Then again, Sam Harris is not devoting his time in the media to call for an
end to bombing civilians. Attacking the sacred cow of airstrikes might have
been a real heresy, true to his Quaker roots but ensuring himself exile from
cable news. Instead the logic he lays out -- that Islam itself is our enemy
-- invites the reader to feel comfort at the deaths of its believers. He
writes: "Some propositions are so dangerous that it may even be ethical to
kill people for believing them."

Playing his part in last year's War Over Christmas, Harris plays it safe
with "Letter to a Christian Nation." The book lumbers under a title so
heavy, you'd think Martin Luther King, Jr. wrote it from prison. While
keeping the Christian Nation on notice that Harris remains disdainful of
"wasting time" on Jesus, he now calls for something of an alliance with the
Right against Muslim Arabs and the "head-in-the-sand liberals" he denounced
in a recent editorial. "Nonbelievers like myself stand beside you,
dumbstruck by the Muslim hordes who chant death to whole nations of the
living," he writes.

Thus praising the hard Right for its "moral clarity" in the War on Terror,
Harris reserves much of his wrath for nonfundamentalist Christians, whom he
considers enablers of a virgin-birth sham.

Fine, but the alternative to Jesus that Harris recommends in "The End of
Faith" is a menu of messiahs. There is Shankara, an avatar of the god Shiva
whose water pot could stop floods. There is the first Buddha and his
8th-century successor Padmasambhava. After materializing on a lotus leaf at
age 8, Padmasambhava cast a spell that changed his friend into a tiger.

"That is objectively stupider than the doctrine of the virgin birth," Harris
says in the interview, however.

Like any religious moderate, he has picked and chosen what he likes from a
religion. On the one hand, there's an obligatory swipe in "The End of Faith"
against Pakistan and India for threatening to nuke each other over
"fanciful" religious disputes. The equal-offender pose doesn't slow Harris
from claiming the supremacy of Shankara and other oracles over Europe's
entire secular brain trust. For thousands of years, "personal transformation
[...] seems to have been thought too much to ask" of Western philosophers,
he complains petulantly, as if finding the entire Enlightenment short on
self-help tips.

He likes that Buddhism will make you relax. And "dial in various mental
states," he says. In the classic case, he says, "you see various lights or
see bliss." And like a Scientologist cleric promising you the state of
Clear, evicting alien ghosts ruining your life, Harris expresses a faith
that his own style of pleasurable mental exploration ushers in good deeds.
Meditation, he says, will drive out whatever it is "that leads you to lie to
people or be intrinsically selfish."

So it purges your sins? "You become free to notice how everyone else is
suffering," he says. Well, some more than others.

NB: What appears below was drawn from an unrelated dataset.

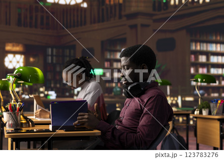 African american male student opening his textbook to complete his handwritten class notes with information from specialty books at the university library. Young adult reading academic papers.

We all need our illusions. But doesn't his, a mishmash of Buddhism and
"Time-Life Mysteries of The Unknown," weaken his case against Christians?
His answer is that Buddhism is a superior product for including the doctrine
of "non-dualism," or unity. "The teachings about self-transcending love in
Buddhism go on for miles," he says. "There's just a few lines in the Bible."
And hundreds in Dostoyevsky and the Confessions of St. Augustine, but never
mind: Harris's argument that "belief is action" rests on treating works like
the Old Testament not as complex cultural fables but something akin to your
TiVo instruction manual.

Though it lapses in skepticism, Harris's work has won a surprising following
among nonmystics. Times science writer Natalie Angier felt "vindicated,
almost personally understood" reading it, she wrote in a review.
Evolutionary biologist Richard Dawkins has practically adopted Harris as the
American Robin to his Batman in confronting unreason wherever it may lurk in
the hearts of men. "The End of Faith" should "replace the Gideon Bible in
every hotel room in the land," blurbs Dawkins.

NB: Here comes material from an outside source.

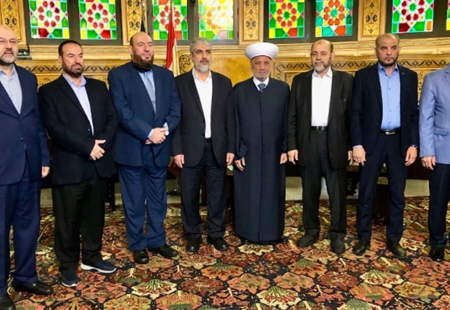 استقبل مفتي الجمهورية اللبنانية الشيخ عبد اللطيف دريان في دار الفتوى، وفدا من حركة المقاومة الإسلامية "حماس" برئاسة رئيس المكتب السياسي للحركة في الخارج خالد مشعل، الذي قال بعد اللقاء: "تشرفنا بلقاء سماحته في باكورة زيارة لبنان العزيز من أجل أن نكون بين أبناء شعبنا، وفي ذكرى انطلاقة حماس الـ34، وأيضا للتواصل مع المسؤولين في لبنان العزيز".

When that happens, Muslims will check into the Best Western and find a text
cheering their torture.

Legendary for his role in the Scopes Monkey Trial, American attorney
Clarence Darrow wrote of his admiration for his forbearer Voltaire, the
original 18th-century renegade against the church. He thanked Voltaire for
dealing superstition a "mortal wound" -- and for an end to torture. "Among
the illustrious heroes who have banished this sort of cruelty from the
Western world, no other name will stand so high and shine so bright."

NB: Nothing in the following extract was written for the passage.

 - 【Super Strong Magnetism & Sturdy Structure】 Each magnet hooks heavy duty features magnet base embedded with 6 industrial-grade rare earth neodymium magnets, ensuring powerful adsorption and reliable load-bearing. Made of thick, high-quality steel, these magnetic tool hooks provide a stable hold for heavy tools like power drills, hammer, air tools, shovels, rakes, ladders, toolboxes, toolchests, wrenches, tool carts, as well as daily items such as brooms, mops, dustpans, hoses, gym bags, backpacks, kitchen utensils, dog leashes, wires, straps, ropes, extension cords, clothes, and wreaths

And then among those who want to bring it back, there stands Sam Harris.

"They're not talking," Harris is telling me, imagining a torture scenario
where the captives clam up, "quite amused at our unwillingness to make them
uncomfortable."

No, it's not the sticky (and real) case of Jose Padilla, the detainee who
may have been reduced by his treatment to mind mush, possibly ruining his
trial. Instead he's sketching out a kind of Steven Seagal action movie
scenario in which we lasso Osama or his gang, maybe on the eve of a terror
plot. What to do?

"We should say we don't do it," Harris says of torture. "We should say it's
reprehensible." And then do it anyway, he says.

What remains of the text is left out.